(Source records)
------

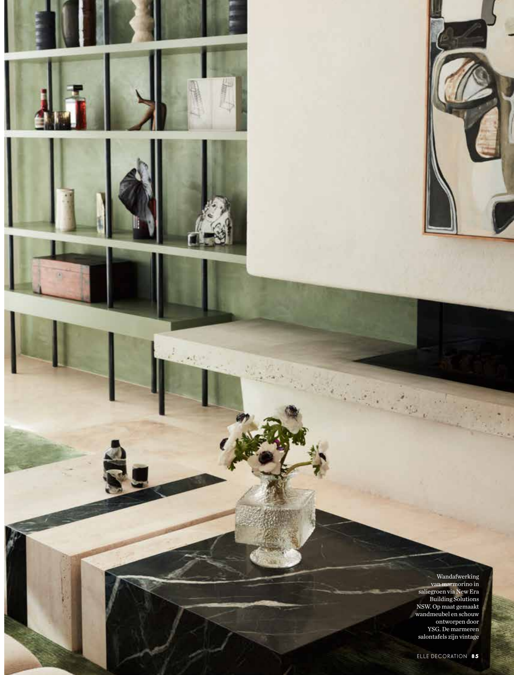
Wandafwerking van marmorino in saliegroen via New Era Building Solutions NSW. Op maat gemaakt wandmeubel en schouw ontworpen door YSG. De marmeren salontafels zijn vintage
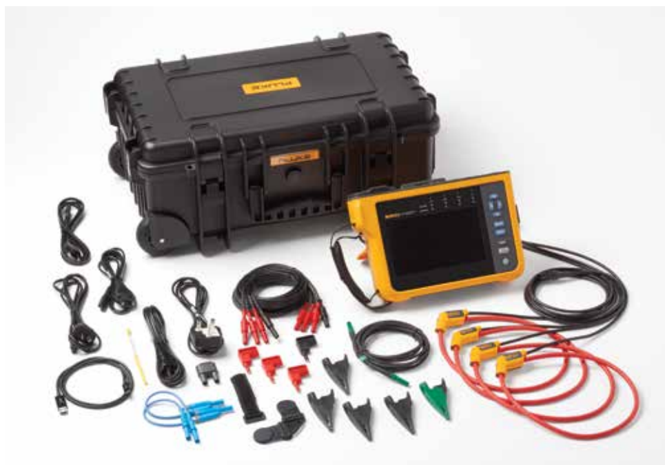
Fluke 1777 elkvalitetsanalysator. Obs! De artiklar som ingår varierar beroende på modell och visas i tabellen "Beställningsinformation".
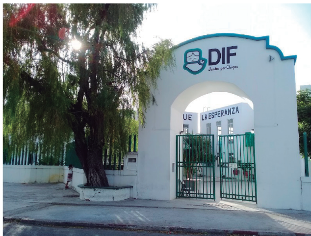
Figura 3. Albergue Infantil La Esperanza (AILE)

no tiene las condiciones básicas y de apoyo para desarrollar su trabajo de la mejor forma posible.
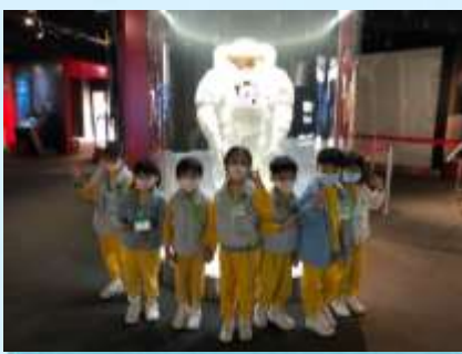
我都想着呢件衫上太空！
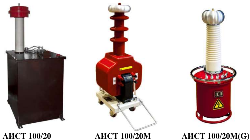
Рисунок 1 Общий вид модификаций

1.5.1 Общий вид аппарата представлен на рисунке 1. Аппарат состоит из высоковольтного трансформатора, пульта управления (ПУ), присоединительных кабелей и тележки для перевозки.

------

Directions for this task:
Print every entry above verbatim but drop the images.

Exercise output:
Wandafwerking van marmorino in saliegroen via New Era Building Solutions NSW. Op maat gemaakt wandmeubel en schouw ontworpen door YSG. De marmeren salontafels zijn vintage
Fluke 1777 elkvalitetsanalysator. Obs! De artiklar som ingår varierar beroende på modell och visas i tabellen "Beställningsinformation".
Figura 3. Albergue Infantil La Esperanza (AILE)

no tiene las condiciones básicas y de apoyo para desarrollar su trabajo de la mejor forma posible.
我都想着呢件衫上太空！
Рисунок 1 Общий вид модификаций

1.5.1 Общий вид аппарата представлен на рисунке 1. Аппарат состоит из высоковольтного трансформатора, пульта управления (ПУ), присоединительных кабелей и тележки для перевозки.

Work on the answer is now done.